No. India came a bit later. That was when I first thought of what I’m doing now – development engineering, for lack of a better term for it. I said to my lecturers, ‘I’m taking a year off and I want to do my work experience. Is it possible to go and work somewhere like Cambodia, or Africa, or I don’t know where?’ They didn’t have any place for me to go, and I thought it would be great to have an organisation to go to which would help me sign up and go overseas to learn more about the possibilities of using my engineering skills for communities in need.
It seems like such a logical thing in retrospect. Students doing work experience is free, skilled willing labour.
Exactly, and everything that goes along with it is so important for them to experience; the ethical issues, the leadership and teamwork issues that are involved in working in a developing community.
Rather than making coffee in a large organisation for a more important engineer you’re out there, you’re meeting people, using your communication, leadership, and problem-solving skills… In these communities, and when you’re working on development, little things are the big problems and you have to come up with creative ways around them. It could be a problem like there’s not enough piping to get the water from A to B because there’s simply not enough piping in the community hardware store. So how do you do that, what tricks do you use? Perhaps it’s a natural waterway system that will take the water part of the way.
I was in Thailand doing a project and we were trying to put in a water filter system. Where the water comes out of the ground from a spring you try to create a container around it called a spring box to protect it from animals getting in and mosquitos breeding. The design was a square box but we got to the site, after 2km of trekking through the jungle, and there were heaps of tree-trunks and rocks. There was no way we could dig into the spring to create the nice square we’d drawn up in the village – no chance in the world. Suddenly it needed to be an organic, kidney-shaped pool. We’d ordered bricks for a square thing but instead we had to build a wall that would curve…
What better experience is there for a student or young engineer than to be thrown into problems like that whether they actually went to Thailand and did it, or whether it’s theoretical as a class assignment. But, in my year away I didn’t get to do anything like that because there was no-one to facilitate me getting on to a development project, so I sort of forgot about it and came back and finished uni.
So what did you do during that year off?
I travelled. I did a little bit of work, but not really related to engineering. One thing that really struck me, although this was a couple of years after my year off, was when I was travelling through India. I was on a train going from Bombay [Mumbai] up north through Gujarat into Rajasthan. About half-way the train started shaking a lot but, because it was India, I assumed it was just really bad train tracks and fell back to sleep again.
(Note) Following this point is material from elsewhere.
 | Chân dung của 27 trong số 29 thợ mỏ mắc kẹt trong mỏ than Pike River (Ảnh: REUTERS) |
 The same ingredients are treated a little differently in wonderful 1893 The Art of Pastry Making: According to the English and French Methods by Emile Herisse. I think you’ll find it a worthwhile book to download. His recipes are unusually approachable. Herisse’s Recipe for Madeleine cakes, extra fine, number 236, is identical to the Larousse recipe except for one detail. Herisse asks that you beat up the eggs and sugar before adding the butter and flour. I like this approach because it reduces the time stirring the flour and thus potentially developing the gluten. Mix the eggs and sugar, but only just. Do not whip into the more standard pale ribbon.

When I woke up the next day we were in Ahmedabad and when I got off the train I immediately heard that there’d been an earthquake. I was going to get a rickshaw to a hotel but people said there were no telephones, the internet was out and that the best thing to do would be to get on a bus and continue up to Rajasthan. So I did because I was meant to be meeting a friend and there was no way I’d have been able to email him or get in touch. At the time I also didn’t know how bad the earthquake was, but by the time I got out of the bus, 12 hours later in Rajasthan, news of how bad the quake was, was coming through. The death toll started at 1,000, then 2,000, 5,000, 10,000 until they were talking about tens of thousands who had died.
I was there thinking, ‘I’ve thought about this before. Here I am this engineer, I’m fit and I’m healthy and I’ve got my first aid certificate – all this great stuff – what can I do?’ The answer was nothing. As an individual there was nothing, but had there been some sort of framework with more experienced people directing me, there would have been something I could have helped with.
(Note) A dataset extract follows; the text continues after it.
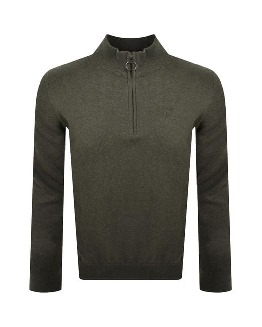 Barbour Half Zip Cotton Knit Jumper In Olive Green. A ribbed stand up collar with a branded half zip fastening featuring a tartan placket on the interior. Ribbed cuffs on the long sleeves and waistband. Ribbed detailing features from the underarm to the waist on the sides. The signature Barbour logo is embroidered on the left of the chest. 100% Cotton. Colour: green

So there were a lot of times in my life that drew me to forming this organisation, EWB. Then once I’d finished my Engineering degree I didn’t really know what to do, took another year off, lived in the outdoors, did a course in outdoor recreation – whitewater-rafting, rock-climbing. It was the antithesis of classroom engineering, computer-type work. It was outdoors, the brain switches off, it’s all about muscle-memory and using your hands and feet. I also took school camps and professional groups rock-climbing and white-water rafting. After 18 months doing that I decided to come back to Melbourne.
My parents were always saying, ‘I told you, you should have done Law but you’ve got this Engineering degree, why don’t you use it?’ I started brainstorming what could be done to change the landscape for young engineers. I knew I wasn’t the only one who thought it’d be great to put on a backpack and not just travel but actually do something more serious and connected like volunteering in a community.
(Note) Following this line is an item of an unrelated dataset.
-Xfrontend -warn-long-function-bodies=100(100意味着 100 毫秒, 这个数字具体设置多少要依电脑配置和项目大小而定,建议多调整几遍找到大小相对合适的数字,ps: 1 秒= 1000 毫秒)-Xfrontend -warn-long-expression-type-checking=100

What were the first steps you took? Often they’re the hardest…
It was December 2002 and I wrote up a business plan. I grabbed together a small group of friends who I’d studied with. We called ourselves the ‘back-of-the-class guys’ because we were always at the back sleeping or playing games. In hindsight, maybe I should have grabbed the front-of-the-class guys to start an organisation like this!
We went to a café and I pitched the idea to them and said, ‘We can’t be the only ones who want to do stuff with sustainability and do stuff about poverty and want to use our engineering for much bigger things. We need to find a way to bring everyone together and pool resources and then use their expertise.